§ **GIVEN RECORDS**
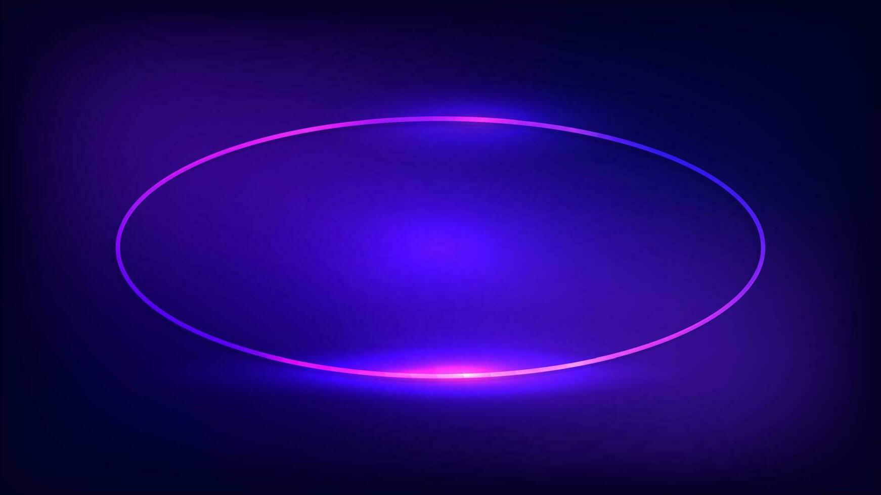 Neon oval frame with shining effects on dark background. Empty glowing techno backdrop. Vector illustration. Pro Vector
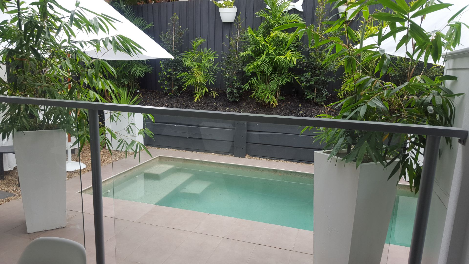 The plunge pool is a perfect low maintenance size and so perfect for cooling off and to enjoy lazing around it during the warmer months with friends and a cocktail!
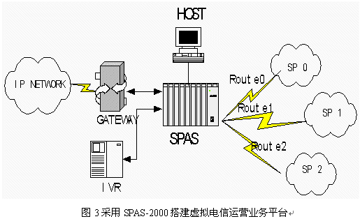中國(guó)加入WTO后,國(guó)內(nèi)與國(guó)際的聯(lián)系、交流和溝通將會(huì)越來(lái)越頻繁,這一趨勢(shì)帶來(lái)了巨大的電信服務(wù)市場(chǎng)商機(jī)。同時(shí),國(guó)際電信企業(yè)正在尋求進(jìn)入中國(guó)的途徑,國(guó)內(nèi)新興的電信運(yùn)營(yíng)商積極應(yīng)對(duì)這種局面,而虛擬電信運(yùn)營(yíng)商也在國(guó)內(nèi)開(kāi)始出現(xiàn)。如何爭(zhēng)取客戶是所有這些提供電信服務(wù)的企業(yè)共同面臨的課題。一個(gè)智能化的、高效的、靈活的、有特點(diǎn)并易于控制的服務(wù)平臺(tái)無(wú)疑是他們進(jìn)行競(jìng)爭(zhēng)的重要工具。由于SPAS-2000可編程交換機(jī)是一個(gè)全開(kāi)放的靈活平臺(tái),用戶通過(guò)應(yīng)用程序幾乎可以完全控制交換,能很好的滿足用戶的需求。在此SPAS-2000可編程交換機(jī)上開(kāi)發(fā)的電話批發(fā)及零售業(yè)務(wù)應(yīng)用,配合計(jì)算機(jī)技術(shù),能靈活控制業(yè)務(wù)的路由選擇、費(fèi)率計(jì)算并可提供個(gè)性化服務(wù),為運(yùn)營(yíng)商降低運(yùn)營(yíng)成本,提高服務(wù)質(zhì)量給出了有效的解決方案。例如一個(gè)IP電話運(yùn)營(yíng)商在全球互連中可能有多個(gè)合作伙伴,每個(gè)合作伙伴提供的服務(wù)也不相同,為了節(jié)省費(fèi)用并提高服務(wù)質(zhì)量,IP電話運(yùn)營(yíng)商需要根據(jù)時(shí)段、費(fèi)率、通話質(zhì)量、接通率等指標(biāo)智能選擇去話路徑。SPAS-2000可編程交換機(jī)提供編程開(kāi)發(fā)接口,通過(guò)E1與IVR連接,在服務(wù)器上開(kāi)發(fā)高層應(yīng)用軟件,可以實(shí)現(xiàn)多種高級(jí)功能。同時(shí)SPAS還可以連接各種型號(hào)的網(wǎng)關(guān)。應(yīng)用連接圖見(jiàn)圖3:
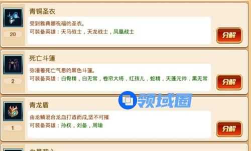 不一样的英雄防具也不一样,这样的设计无疑大大的增加了防具的获取难度,因为你抽出来的防具不一定是你需要的,不过不要灰心,因为进阶是需要防具分解的材料的。
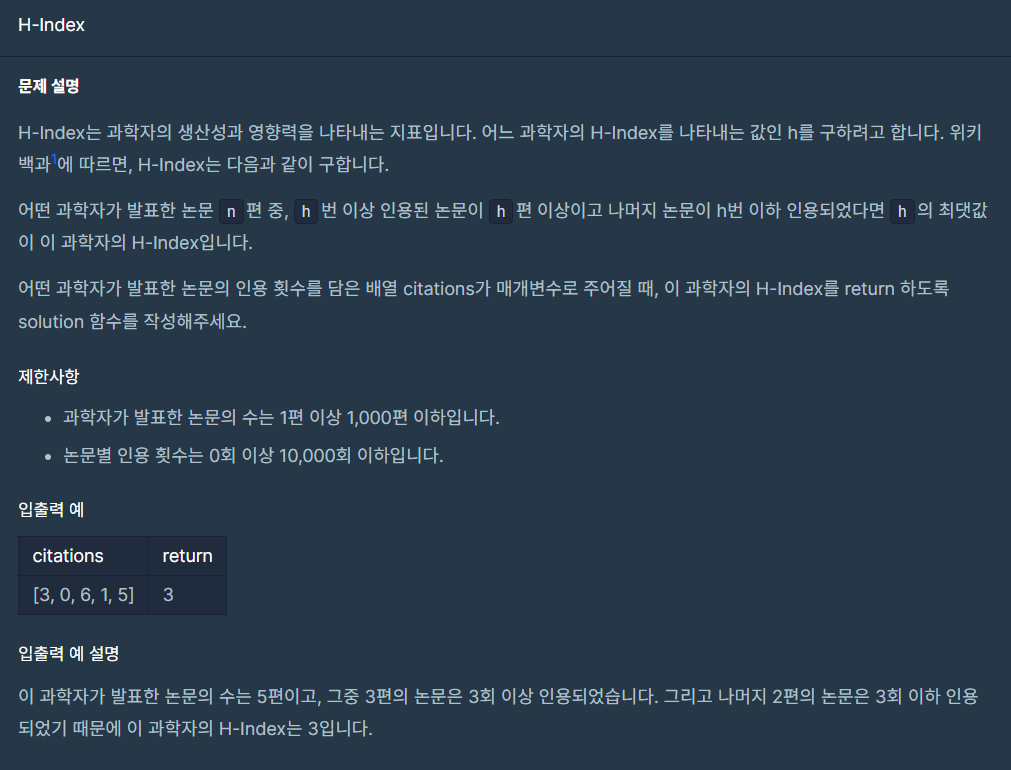 let hIndex = 0; // 초기 h-index 값을 0으로 설정
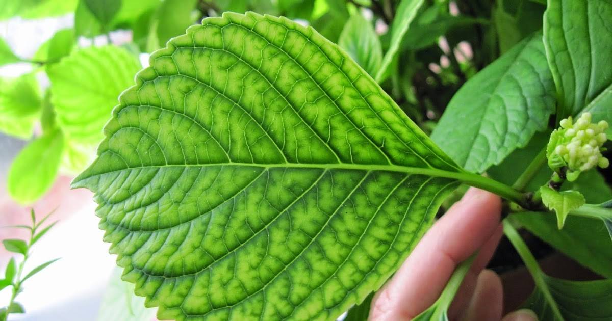 Хлорозата е една от причините хортензията да променя цвета на листата си, докато вените остават зелени. Това заболяване възниква поради поливане с твърда вода, която съдържа вар.

§ **PROBLEM DESCRIPTION**
Once the pictures are set aside, output all of the data above verbatim.

§ **RESULT FOR THIS EXERCISE**
 Neon oval frame with shining effects on dark background. Empty glowing techno backdrop. Vector illustration. Pro Vector
 The plunge pool is a perfect low maintenance size and so perfect for cooling off and to enjoy lazing around it during the warmer months with friends and a cocktail!
中國(guó)加入WTO后,國(guó)內(nèi)與國(guó)際的聯(lián)系、交流和溝通將會(huì)越來(lái)越頻繁,這一趨勢(shì)帶來(lái)了巨大的電信服務(wù)市場(chǎng)商機(jī)。同時(shí),國(guó)際電信企業(yè)正在尋求進(jìn)入中國(guó)的途徑,國(guó)內(nèi)新興的電信運(yùn)營(yíng)商積極應(yīng)對(duì)這種局面,而虛擬電信運(yùn)營(yíng)商也在國(guó)內(nèi)開(kāi)始出現(xiàn)。如何爭(zhēng)取客戶是所有這些提供電信服務(wù)的企業(yè)共同面臨的課題。一個(gè)智能化的、高效的、靈活的、有特點(diǎn)并易于控制的服務(wù)平臺(tái)無(wú)疑是他們進(jìn)行競(jìng)爭(zhēng)的重要工具。由于SPAS-2000可編程交換機(jī)是一個(gè)全開(kāi)放的靈活平臺(tái),用戶通過(guò)應(yīng)用程序幾乎可以完全控制交換,能很好的滿足用戶的需求。在此SPAS-2000可編程交換機(jī)上開(kāi)發(fā)的電話批發(fā)及零售業(yè)務(wù)應(yīng)用,配合計(jì)算機(jī)技術(shù),能靈活控制業(yè)務(wù)的路由選擇、費(fèi)率計(jì)算并可提供個(gè)性化服務(wù),為運(yùn)營(yíng)商降低運(yùn)營(yíng)成本,提高服務(wù)質(zhì)量給出了有效的解決方案。例如一個(gè)IP電話運(yùn)營(yíng)商在全球互連中可能有多個(gè)合作伙伴,每個(gè)合作伙伴提供的服務(wù)也不相同,為了節(jié)省費(fèi)用并提高服務(wù)質(zhì)量,IP電話運(yùn)營(yíng)商需要根據(jù)時(shí)段、費(fèi)率、通話質(zhì)量、接通率等指標(biāo)智能選擇去話路徑。SPAS-2000可編程交換機(jī)提供編程開(kāi)發(fā)接口,通過(guò)E1與IVR連接,在服務(wù)器上開(kāi)發(fā)高層應(yīng)用軟件,可以實(shí)現(xiàn)多種高級(jí)功能。同時(shí)SPAS還可以連接各種型號(hào)的網(wǎng)關(guān)。應(yīng)用連接圖見(jiàn)圖3:
 不一样的英雄防具也不一样,这样的设计无疑大大的增加了防具的获取难度,因为你抽出来的防具不一定是你需要的,不过不要灰心,因为进阶是需要防具分解的材料的。
 let hIndex = 0; // 초기 h-index 값을 0으로 설정
 Хлорозата е една от причините хортензията да променя цвета на листата си, докато вените остават зелени. Това заболяване възниква поради поливане с твърда вода, която съдържа вар.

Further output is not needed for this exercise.